Le Service Client et la Relation Client sont des sujets cruciaux en entreprise : ils véhiculent de forts enjeux, sont souvent considérés comme insuffisamment qualitatifs. De plus, trop peu de collaborateurs semblent conscients que le client est l’affaire de tous. 

Je note par ailleurs au cours de mes missions, une certaine impuissance des entreprises à réellement exploiter les informations recueillies auprès des clients, et leur difficulté à mesurer le Retour sur Investissement (ROI) qui doit accompagner les mesures prises. 

Il me semble intéressant d’y revenir plus largement dans cet article.

 

Le Feedback Client : souvent mal utilisé par les entreprises

De plus en plus de structures prennent en considération l’avis de leurs clients, compilent des retours via les commerciaux, le Service Après-Vente, des enquêtes de satisfaction, une veille sur internet… Elles ont souvent bien appris à diversifier les sources du feedback de leurs clients.

Mais qu’en font-elles ensuite ? Comment l’exploitent-elles ? Là, le bât blesse : savoir ce que pensent les clients est évidemment nécessaire, mais pas suffisant pour une exploitation optimale du feedback. 

 

Une problématique analogue à l’intelligence économique

Nous retrouvons ici une problématique déjà rencontrée dans un précédent article « Intelligence économique : 6 règles à suivre par le veilleur pour une information pertinente ». En intelligence économique en effet, la veille permet de recueillir de l’information : mais celle-ci reste stérile si le veilleur ne la transforme pas en connaissance utile pour l’entreprise.

Ici, de façon similaire, la valeur ajoutée générée par le feedback ne sera mesurable que lorsque l’entreprise en aura tiré des connaissances concrètement exploitables.

C’est alors seulement que le feedback management permettra de générer un réel Retour sur Investissement (ROI).

 

Le Feedback Management fait plus que répondre à une problématique ponctuelle

L’intérêt du Feedback Management est d’être plus riche que la simple résolution d’une problématique ou une analyse du retour client.
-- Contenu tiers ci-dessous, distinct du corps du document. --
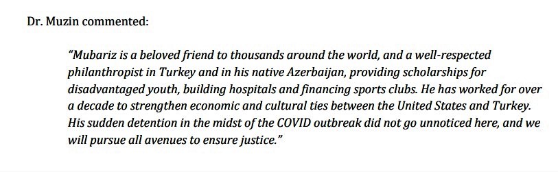 “Free Mubariz Mansimov” “Facebook” səhifəsi hətta müqavilə mətnini də qoşmaya əlavə etmişdir. Həmin qoşmada Muzinin Mənsimovun həbsinə reaksiyası belə təqdim edilib: “Mübariz dünyada minlərlə insanın sevimli dostu, Türkiyədə və vətəni Azərbaycanda çox hörmətli xeyriyyəçidir, imkansız gənclərə təqaüd verən, xəstəxanalar tikdirən və idman klublarını maliyyələşdirən şəxsdir. O, ABŞ və Türkiyə arasında iqtisadi və mədəni əlaqələri gücləndirmək üçün on ildən artıqdır ki çalışır. Onun COVID-19 pandemiyası dövrünə qəfil həbsi gözdən qaçmayıb və biz ədaləti təmin etmək üçün bütün yollara əl atacağıq”.
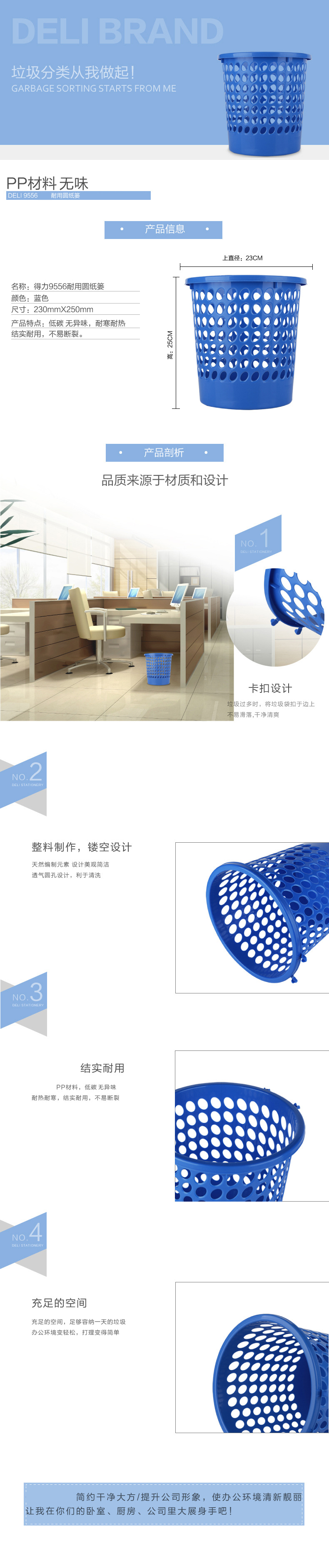 9556 델리 쓰레기통 직경 24cm 원형 종이 바구니 사무실 폐지 바구니 쓰레기통 청소통
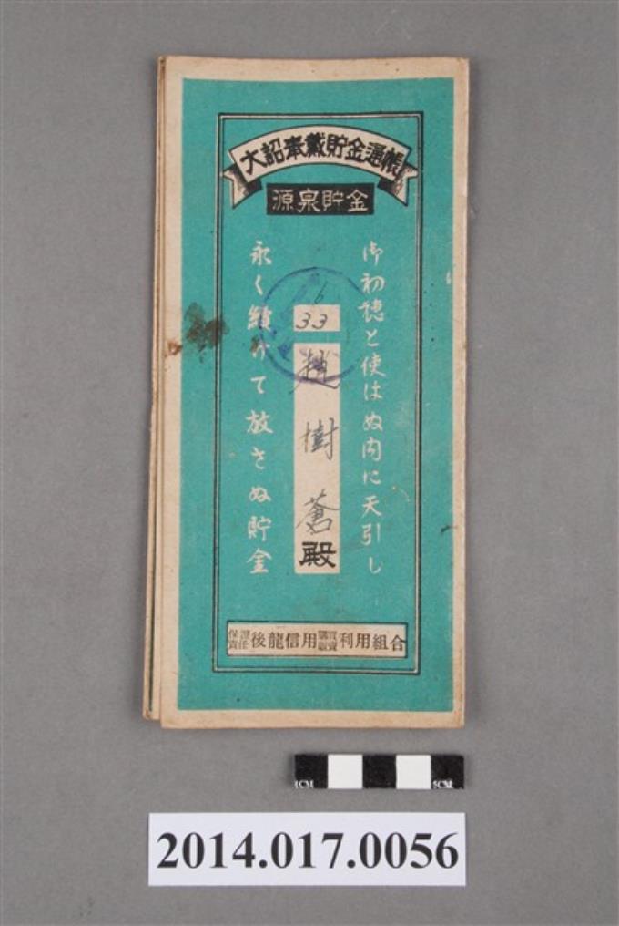 保證責任後龍信用購買販賣利用組合給黃愩大詔奉戴儲金簿

Il permet notamment d’identifier immédiatement le client insatisfait et permet donc de revenir vers lui pour tenter non seulement de le satisfaire, mais de le fidéliser. 

De même, il intervient bien sûr sur l’amélioration des services, produits, ou process de vente, de SAV…
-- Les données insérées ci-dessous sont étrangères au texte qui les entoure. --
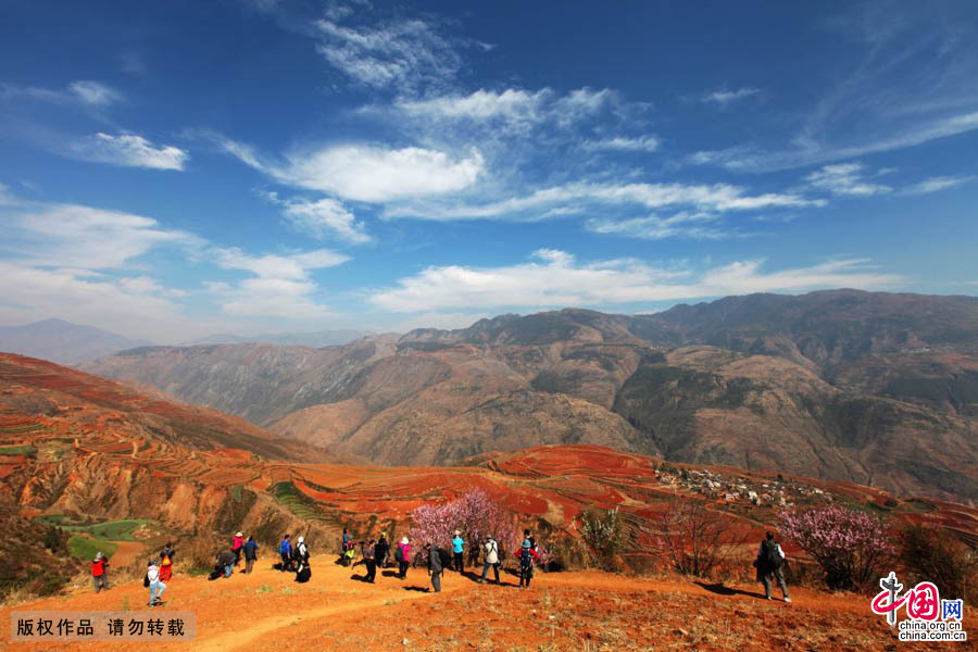 2015年3月1日,云南东川红土地,远远看去,仿佛上天涂抹的色块,色彩斑斓炫目、艳丽饱满,有着优美的线条,又勾画得如此浓墨重彩。中国网图片库 作者:韩加君
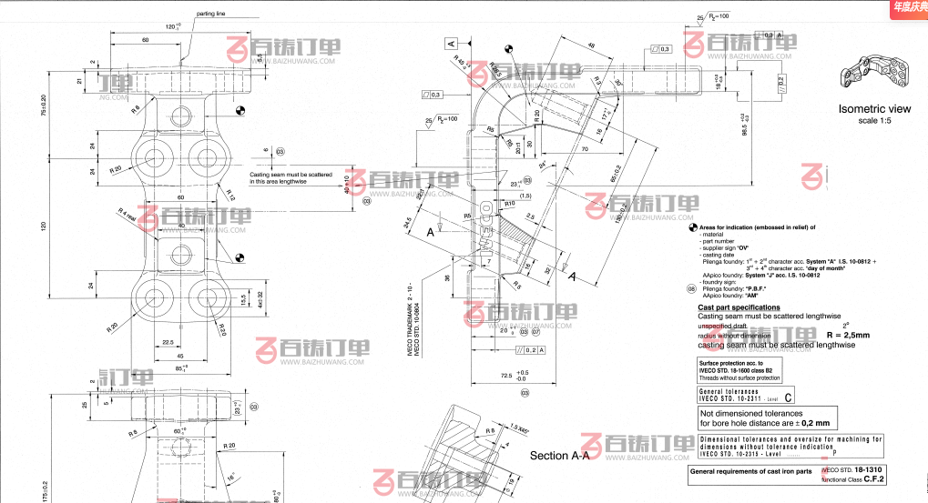 铸造工艺: 粘土砂铸造,垂直造型线
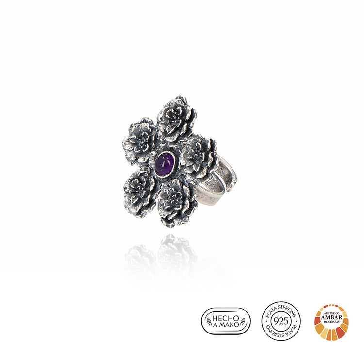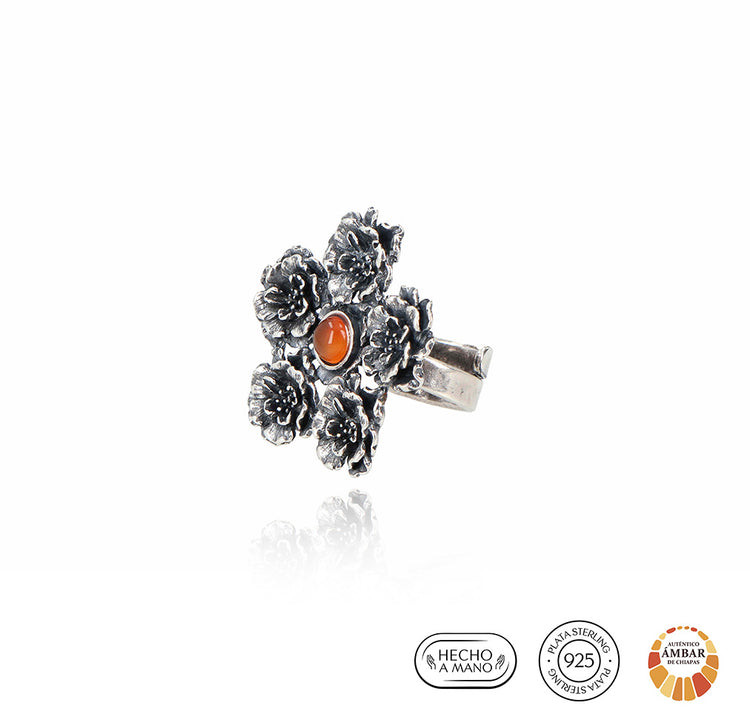 Este anillo simboliza la creencia de que los petalos de esta flor de cempasúchil guia a las almas de regreso a su hogar, para recordarte que siempre estaran vivos en tu corazón

De plus – et c’est primordial – il permet de faire connaître la voix du client en interne auprès des collaborateurs directement concernés… mais aussi des autres ! Cette « culture du client » doit se répandre auprès des services qui ne sont pas directement en lien avec la clientèle, mais qui doivent l’intégrer à leur quotidien (le service développement, par exemple). 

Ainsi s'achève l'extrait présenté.